Much of what we discuss in Lecture 2 can be found on Wikipedia in the key-value database entry.  (In fact they go beyond what we will be talking about and look at the whole question of treating entire databases in a key-value manner, but in CS5412 we won't tackle the full question.)

The two papers we'll specifically cover are concerned with Facebook's caching policy, and the RIPQ mechanism they used to adapt S4LRU to work on flash SSD.  But you are only responsible for understanding the overall approach -- not the details.
Containers play a huge role in the cloud.  We'll look at the container concept, at how containers are managed by the function server, and how the function/container model differs from a cloud concept called a "microservice", which is also containerized but is managed in a different way, by the "App Server".
3. 2/16 [Pool model for Microservices]  In this lecture, we will look at the issues raised by this idea of managed microservices that live in elastic pools.  Some of the issues involve what is called stateless programming (we'll explain; it doesn't mean what the word sounds like).  Another issue is virtualization using a hypervisor such as Xen versus container virtualization using Kubnetes with help from an OS like Mesos.
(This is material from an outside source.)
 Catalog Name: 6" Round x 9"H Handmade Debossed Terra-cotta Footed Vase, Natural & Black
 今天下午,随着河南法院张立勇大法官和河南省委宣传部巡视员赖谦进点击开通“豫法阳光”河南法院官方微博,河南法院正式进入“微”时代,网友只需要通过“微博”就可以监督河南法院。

In a nutshell, when we put a program on a cloud, we also place files it might use as inputs and can even tell the cloud to run multiple instances as a pool.  Those pool members could talk to one-another if you like.  So we'll learn about how to hand a program to the cloud in the form of a container with any other resources it needs, and how network virtualization creates a private world in which your processes can find one-another without being disrupted by other cloud users.

Slides: pptx pdf
We used the term "micro-service", but where did this idea come from?  What does a typical micro-service do?  We'll also look at a few of the more important micro-services found in Azure.  Then we will look at the puzzle of how these are typically implemented, and will see that some are stateless (an easier case) and some are stateful (a much harder case).  Normally, stateless systems sit in front of stateful ones.  Finally, we will see that the App Service that manages these pools needs a simple way to deal with the whole application as a kind of "package", and does this using Container Virtualization. 
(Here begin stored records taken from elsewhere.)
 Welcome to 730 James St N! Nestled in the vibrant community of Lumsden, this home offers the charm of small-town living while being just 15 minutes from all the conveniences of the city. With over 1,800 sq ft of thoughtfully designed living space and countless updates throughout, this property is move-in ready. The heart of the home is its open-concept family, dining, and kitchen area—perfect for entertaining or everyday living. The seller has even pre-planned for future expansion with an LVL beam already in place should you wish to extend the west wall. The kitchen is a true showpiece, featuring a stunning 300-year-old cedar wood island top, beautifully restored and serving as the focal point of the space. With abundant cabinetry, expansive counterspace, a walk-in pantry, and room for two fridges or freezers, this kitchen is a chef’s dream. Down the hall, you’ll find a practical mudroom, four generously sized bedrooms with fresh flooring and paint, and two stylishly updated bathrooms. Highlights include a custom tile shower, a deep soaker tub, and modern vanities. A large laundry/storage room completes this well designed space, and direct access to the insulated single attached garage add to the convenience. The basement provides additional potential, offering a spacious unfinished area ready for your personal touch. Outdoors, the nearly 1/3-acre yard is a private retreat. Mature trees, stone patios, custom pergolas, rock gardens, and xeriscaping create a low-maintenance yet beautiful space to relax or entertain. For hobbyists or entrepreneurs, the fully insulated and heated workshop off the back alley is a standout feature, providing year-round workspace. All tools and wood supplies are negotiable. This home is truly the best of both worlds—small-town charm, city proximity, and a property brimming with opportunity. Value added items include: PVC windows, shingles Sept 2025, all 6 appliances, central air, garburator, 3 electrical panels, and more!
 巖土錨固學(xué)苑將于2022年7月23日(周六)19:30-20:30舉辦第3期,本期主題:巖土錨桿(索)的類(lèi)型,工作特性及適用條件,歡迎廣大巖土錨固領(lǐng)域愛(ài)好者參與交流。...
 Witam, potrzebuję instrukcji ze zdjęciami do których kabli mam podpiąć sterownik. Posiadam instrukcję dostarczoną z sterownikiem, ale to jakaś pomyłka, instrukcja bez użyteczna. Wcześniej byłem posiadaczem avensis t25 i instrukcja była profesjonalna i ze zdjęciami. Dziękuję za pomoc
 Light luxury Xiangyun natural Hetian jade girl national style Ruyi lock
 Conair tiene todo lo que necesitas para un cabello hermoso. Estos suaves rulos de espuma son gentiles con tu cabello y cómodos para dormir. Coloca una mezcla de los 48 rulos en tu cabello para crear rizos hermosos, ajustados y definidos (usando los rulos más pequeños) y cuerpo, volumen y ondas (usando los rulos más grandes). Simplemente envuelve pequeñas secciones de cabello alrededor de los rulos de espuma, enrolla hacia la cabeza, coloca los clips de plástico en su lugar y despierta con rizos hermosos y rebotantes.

A lot of terminology, but the ideas are surprisingly simple.  For example, a container is just a way to fool a normal program into thinking it is running inside a virtual machine, but without the high costs of a true virtual machine.

  2/17 (recitation)

Discussion of cloud computing projects: Everything you could possibly want to know.  You will even learn about why it might be valuable to do face recognition on cows in a milking stall! In this recitation we will be joined by Professor Giordano who will introduce some of his research and then talk about the joint projects with students from his class (you get extra credit for teaming with them, but he only has 24 students so only some of our cloud computing teams can do this).  We will also talk about other kinds of project opportunities, including self-defined projects, projects focused on cloud infrastructure, and projects focused on drones based on the Microsoft Farmbeats technology.
4. 2/18 [Implementing a smart farm.] 

This lecture focuses on the puzzle of actually using DHTs and other cloud platform ideas to implement a smart farming system.  A big part of the challenge is that we end up with an event-by-event computing model, implemented using cloud functions (small pieces of code that the platform runs for you when the event occurs), but sometimes we have logic that requires some form of state that spans multiple events.  The function tier is stateless... so we use a DHT to hold the state!  We'll see one clever idea as part of this: if the DHT put API allows you to specify which version of a (key,value) object you think you are creating, we can avoid locking entirely and still get consistency.

Slides: pptx  pdf
Here we will be looking at the surprisingly small changes that were needed to take the same cloud architecture used for human interactions through web applications (the model we looked at in lectures 1, 2 and 3) so that IoT sensors and actuators can also talk to the cloud.  Basically, we replace the first tier web page builder system with a new first tier that securely binds to the sensor or actuator, and then we can cusatomize it by introducing new containerized programs called "functions".  The "function service" manages them.  The relevant Wikipedia page is here, but is actually more general than what we discuss in CS5412.  Wikipedia has a whole serverless computing story (implemented by functions); we focus on a somewhat more limited case.
5. 2/25 [More on DHTs:  How can we store complicated data sets in a DHT?]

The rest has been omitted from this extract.